We express cardinality constraints by drawing either a directed line ($\rightarrow$), signifying "one" or an undirected line ($-$), signifying "many", between the relationship set and the entity set.

one-to-one relationship between an instructor and a student

  1. an instructor is associated with at most one student via advisor
  2. and a student is associated with at most one instructor via advisor

one-to-many relationship between an instructor and a student

  1. an instructor is associated with several (including 0) students via advisor
  2. a student is associated with at most one instructor via advisor

many-to-one relationship between an instructor and a student

  1. an instructor is associated with at most one student via advisor
  2. and a student is associated with several (including 0) instructors via advisor

many-to-many relationship between an instructor and a student

  1. an instructor is associated with several (possibly 0) students via advisor
  2. a student is associated with several (possibly 0) instructors via advisor
#Participation of an entity set in a relationship set

Total participation (indicated by double line): every entity in the entity set participates in at least one relationship in the relationship set.

Partial participation: some entities may not participate in any relationship in the relationship set.

#Ternary relationship
#Cardinality constraints on ternary relationship

We allow at most one arrow out of a ternary(or greater degree) relationship to indicate a cardinality constraint

If there is more than one arrow, there are two ways of defining the meaning:

a ternary relationship R between A, B and C, with arrows to B and C could mean

  1. each A entity is associated with a unique entity from B and C or
  2. each pair of entities from (A, B) is associated with a unique C entity, and each pair (A, C) is associated with q unique B

To avoid confusion, we outlaw more than one arrow.

#Reduction to relation schemas

Entity sets and relationship sets can be expressed uniformly as relation schemas that represent the contents of the database.

A database which conforms to an E-R diagram can be represented y a collection of schemas.

For each entity set and relationship set there is a unique schema that is assigned the name of the corresponding entity set or relationship set.

Each schema has a number of columns (generally corresponding to attributes), which have unique names

A weak entity set becomes a table that includes a column for primary key of the identifying strong entity set. section(course_id, sec_id, semester, year)

#representing relationship set

A many-to-many relationship set is represented as a schema with attributes for the primary keys of the two participating entity sets, and any descriptive attributes of the relationship set.

#Composite and multivalued attributes

Composite attributes are flattened out by creating a seperate attribute for each component attribute.

Ignoring multivalued attributes, extended instructor schema is instructor(ID, first_name, middle_name, last_name, street_number, apt_number, city, state, zip_code, date_of_birth)
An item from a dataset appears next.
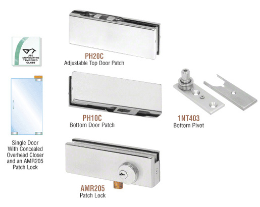 CRL PHA2 North American Patch Door Kits come with all the hardware to complete a single door (except the overhead closer and glass). Pivot setback is 2-3/4" (70 mm). The Top Patch Fitting (Cat. No. PH20C) is adjustable after the door is installed. Overhead door closer must be ordered separately.

A multivalued attribute M of an entity E is represented by a separate schema EM

Schema EM has attributes corresponding to the primary key of E and an attribute corresponding to multivalued attribute M. Example: Multivalued attribute phone_number of instructor is represented by a schema: inst_phone = (ID, phone_number)

Each value of the multivalued attribute maps to a separate tuple of the relation on schema EM

Special case: entity time_slot has only one attribute other than the primary-key attribute, and that attribute is multivalued. Don't create the relation corresponding to the entity, just create the one corresponding to the multivalued attribute.

#E-R design Decisions

The use of an attribute or entity set to represent an object

Whether a real-world concept is best expressed by an entity set or a relationship set.

The use of a ternary relationship versus a pair of binary relationships.

The use of a strong or weak entity set.

The use of specialization/generalization - contributes to modularity in the design.

The use of aggregation - can treat the aggregate entity set as a single unit without concern for the details of its internal structure.